- [DATA TO PROCESS]:
================
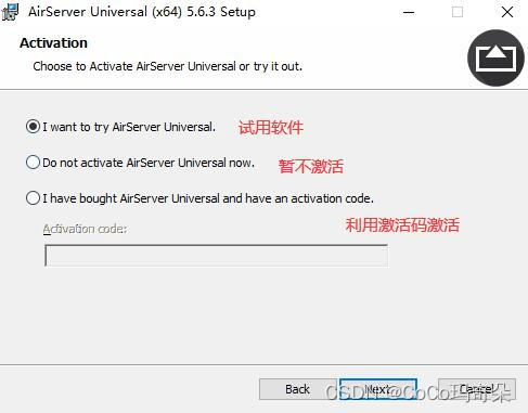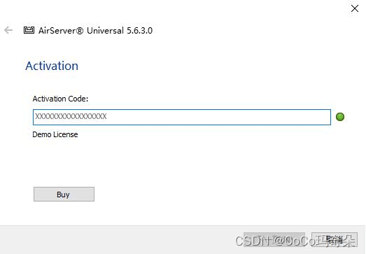 了解完安装步骤,我们再看看如何激活AirServer软件。首先是我们的AirServer Windows通用版,如果我们购买了激活码,则可以使用激活码激活AirServer软件。点击右下角任务栏的AirServer图标,选择其中的“Activation”菜单进入激活页面。
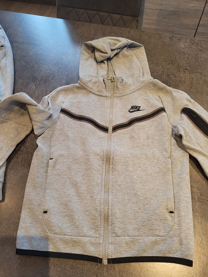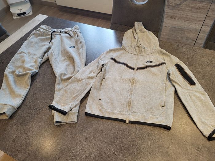 Bonjour, Je vends ce bel ensemble de jogging nike tech gris. Taille S soit 128/137cm 8/10ans. Très bon état malgré le logo légèrement abîmé sur le haut (voir photo).
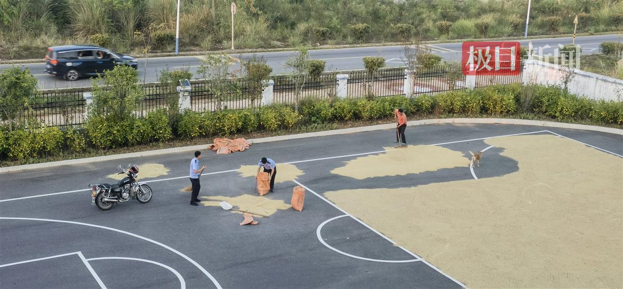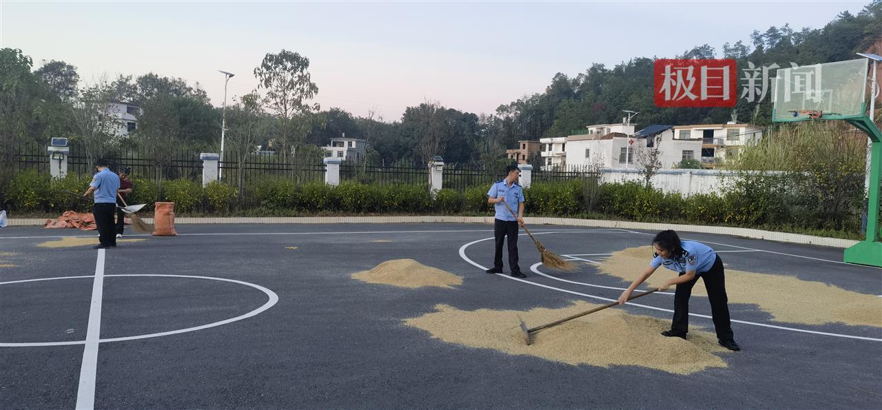 10月21日,极目新闻记者联系杰村派出所,民警刘明告诉记者,派出所院子里的大坪平整宽敞,大概两个篮球场那么大,去年就有村民来晒稻谷。
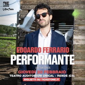 Edoardo Ferrario, tra i comici più apprezzati della scena italiana, torna nei teatri con il suo nuovo spettacolo di stand-up comedy, “PERFORMANTE”. La tournée farà tappa giovedì 20 febbraio al Teatro Auditorium Unical di Rende (CS), per una serata di comicità intelligente e dissacrante. L’evento è organizzato da Be Alternative Festival e L’Altro Teatro.
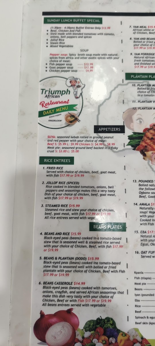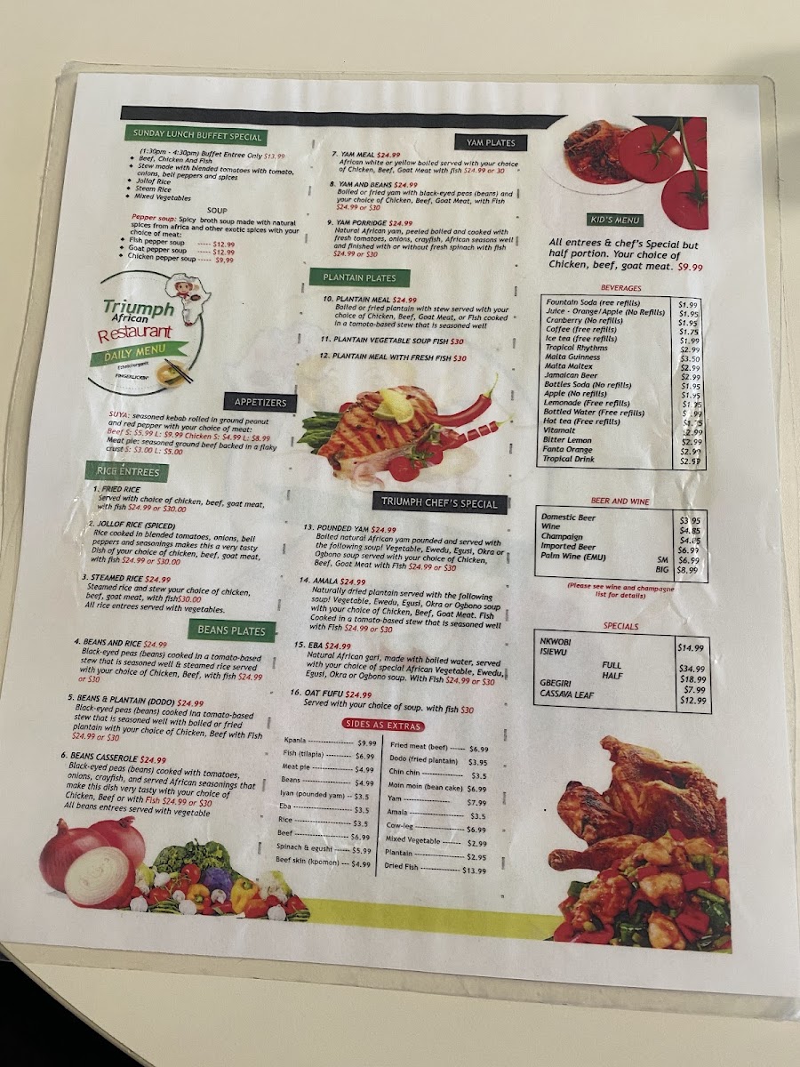 Welcome to Triumph African Restaurant & Market, a hidden gem nestled in the heart of Fresno, California! Located at 5730 N First St #108/109, our establishment is not just a restaurant; it's an immersive experience into the rich flavors and vibrant culture of African cuisine. At Triumph, you will find a delightful combination of traditional home-cooked meals served with love and care, making every visit feel like a visit to a cherished friend’s kitchen.
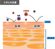 | ? 化学物質や細菌からの防御 角質層を構成しているタンパク質(ケラチン)は硬くて非常に強い性質を持っています。 また、皮膚表面の皮脂膜が弱酸性に保たれているために、角質層は細菌の侵入や繁殖を防ぐことができます。 ? 物質の体内浸透への防御 角質層は物質透過を阻止する層として働いています。このため、外部から簡単には皮膚吸収しないしくみになっています。したがって、お風呂に入っても決してお風呂の水が体内に侵入して、水ぶくれになる事はありません。また、外界からの物質や水の侵入を防ぐと同時に体内の水分やタンパク質などが外へ出て行かないように防ぐという性質を持っていて、皮膚内の環境を保つために重要な役割を果たしています。 ? 紫外線からの防御 主に紫外線を防ぐ役割をしているのは基底層のメラニン細胞・色素ですが、角質層も皮膚表面での反射、角質層での散乱で紫外線の防御を助けています。 また、メラ二ン色素が増加することで角質層自体も厚くなり紫外線の透過を防ぐようになります。日焼けした皮膚が厚くなって、肌の透明感がなくなり、クスミが出るのはこの反応のためです。 |
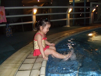 媽咪說: 只是想要讓Wing不要怕水,玩一玩就好了~~
================
- [WHAT YOU SHOULD DO]: For this exercise, set down the lines in the entries above from the one with "Bonjour, Je vends" through the one with "10月21日,极目新闻记者联" exactly as written, without any pictures.

- [OUTPUT FOR THIS EXERCISE]:
 Bonjour, Je vends ce bel ensemble de jogging nike tech gris. Taille S soit 128/137cm 8/10ans. Très bon état malgré le logo légèrement abîmé sur le haut (voir photo).
 10月21日,极目新闻记者联系杰村派出所,民警刘明告诉记者,派出所院子里的大坪平整宽敞,大概两个篮球场那么大,去年就有村民来晒稻谷。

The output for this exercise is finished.